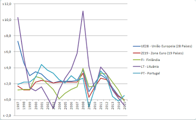 1. Constrói e interpreta dois gráficos semelhantes aos anteriores, partindo da Taxa de Inflação (Taxa de Variação do Índice de Preços no Consumidor), no PORDATA.
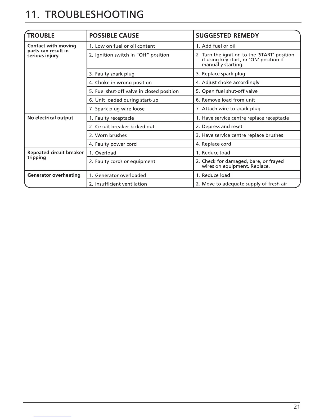Draper PG27W - TROUBLESHOOTING; COMMON PROBLEMS AND SOLUTIONS
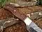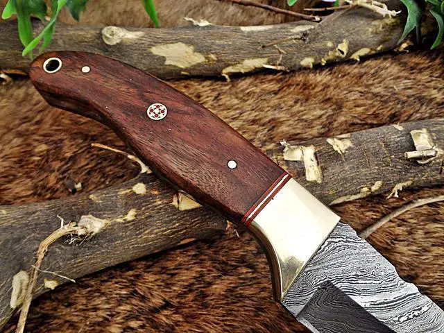 9.5" Long hand forged Damascus steel full tang blade skinning Knife, Natural Rose wood with Brass bolster scale, Cow hide Leather sheath
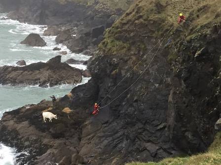 Specialist animal rescue crews from Bodmin Community Fire Station and further crews from Wadebridge have attended a call to a rare breed White Park cow who is in calf that had gone over the cliff and on to the rocks below some 40ft down. The crews had to await the attendance of a vet and rifleman to sedate the cow prior to being able to carry out the rescue. They, and some members of the crew where then lowered to the rocks.
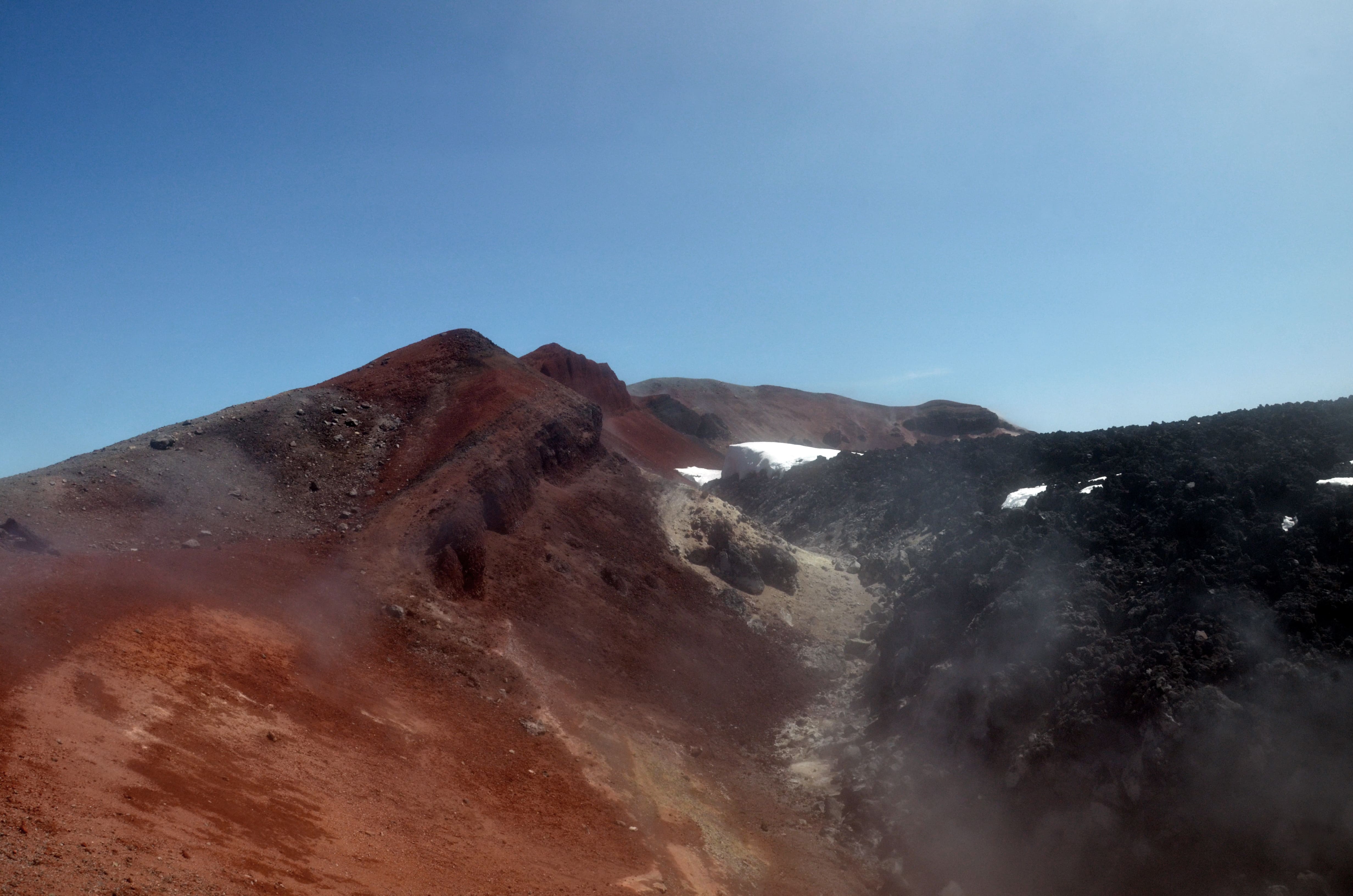Находясь в кратере не сложно представить, какие процессы происходили на вулкане при извержении. В 1991 году воронка вулкана почти полностью заполнилась лавой. Небольшой поток её излился на южный склон конуса. В кратере вулкана тепло, дымят фумаролы (клубящиеся массы горячих вулканических газов), пахнет сероводородом. По застывшей в кратере лаве можно походить, но надо быть осторожным, так как местами она ещё теплая, а застывшие причудливые формы очень острые.

◇ ◇ ◇ ◇ ◇ ◇ ◇

Required action: Within the listing above, write out the stretch from the line with "Draper PG27W - TROUBLESHOOTING;" through the line with "hide Leather sheath" exactly. Any pictures are to be left out.

Answer:
Draper PG27W - TROUBLESHOOTING; COMMON PROBLEMS AND SOLUTIONS
 9.5" Long hand forged Damascus steel full tang blade skinning Knife, Natural Rose wood with Brass bolster scale, Cow hide Leather sheath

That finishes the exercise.